Now, I'm not one to make huge silly goals for the upcoming new year, but with 2015 being so life changing and eye-opening, I'd like to set some goals and things to work on for 2016. Without further ado, here are my 2016 "New Year's Resolutions":
#1: Drink more water. Goals like this aren't unrealistic and is something I think should be on everyone's list to work on. I've realized during this past year how dehydrated I was each and every day; I was almost always tired even though I'd get 8+ hours of sleep and getting headaches almost daily. I seem to get caught up in my daily activities that I just forget to drink water; which seems quite silly, but hey, some how I've mastered it.
#2: Maintain a positive attitude. Everyone has their days where depression really kicks their butt. For me, however, I seem to suffer from depression more frequently. I'm hoping for 2016 to be positive and full of excitement and adventure. I'm going to try to re-wire my brain, and although I know I can't fully escape depression, I can at least make it minimal. I want to work on having a positive outlook on life and being genuinely happy each and every day. Maintaining a positive attitude also depends on who you surround yourself with, so with that being said I plan on blocking out the negative people in my life and focusing on those who support me and my decisions along with pushing me to be a better person.

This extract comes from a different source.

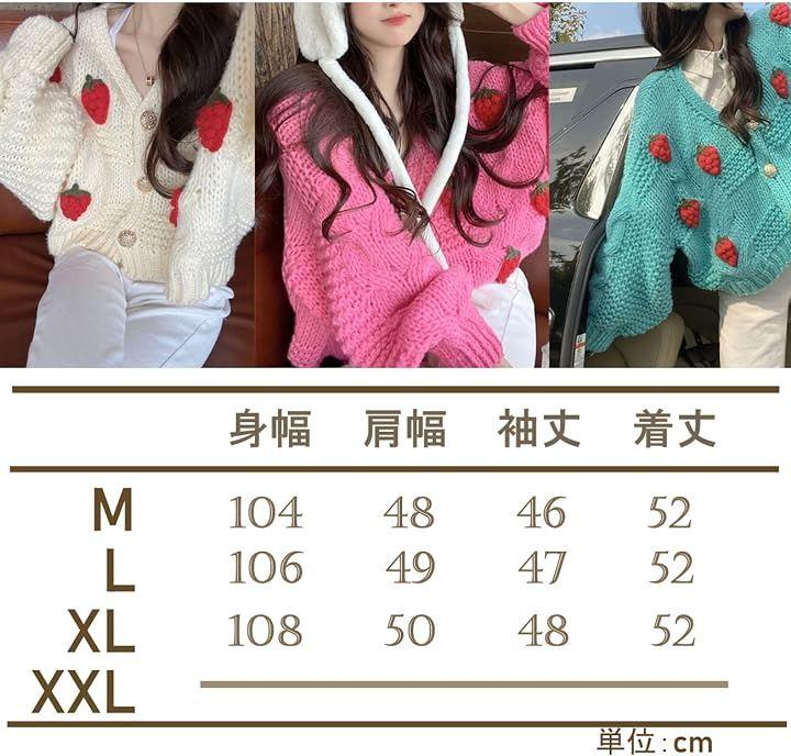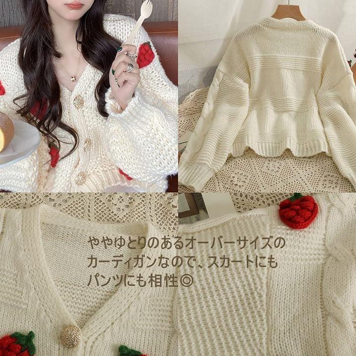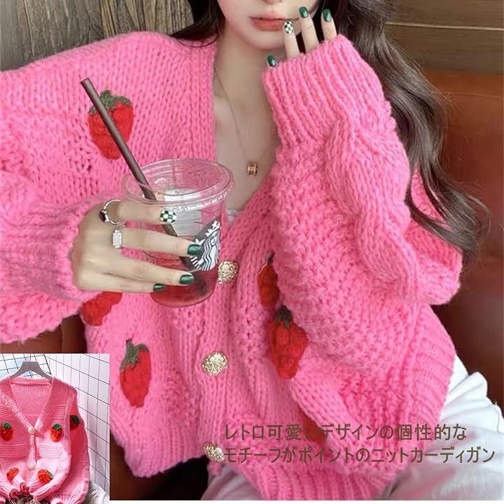 レトロガーリーなライン配色ニットカーディガンで甘くなりすぎないイチゴモチーフが散りばめられたお洒落カーデ。

#3: Work through my anxiety. Throughout 2015 my anxiety seemed to sky-rocket. Mainly due to a change in environment: College, work, and where I live. My anxiety seemed to stop me from doing many things, such as join clubs/go to events, hangout with friends/coworkers outside of work, explore my new city, etc. I think this was troubling because I didn't actually realize that I had anxiety and I wasn't fully educated on what it is. Now that I know that I have anxiety I look forward to educating myself about it and how to deal with it throughout 2016. With that being said, I hope 2016 will be the year where I can put a damper on this issue and allow myself to live a somewhat normal life.
#4: Focus on myself. Throughout the past year I really didn't give myself much 'me' time. For the first half of the year I had two part-time jobs, I was in college full time, and the rest of my free time was spent between my boyfriend, and attempting to spend an equal amount of time between my mom and my dad. I didn't really even have time to breathe or think. The rest of the year went by just as quickly as the first half. Day's seemed to blend together and before I knew it I was back in school trying to balance my time between school and work. I definitely need to slow down and worry about my health and well-being. I think that everyone needs time to themselves, even if it is just an hour or two a day or once a week. This year I plan on giving myself "Mental health days" where I can relax and not have to worry or be in a rush. I don't want to regret anything nor look back and wish that I did this or that: No FOMO for me (Fear.Of.Missing.Out).
Do you have any New Year's Resolutions?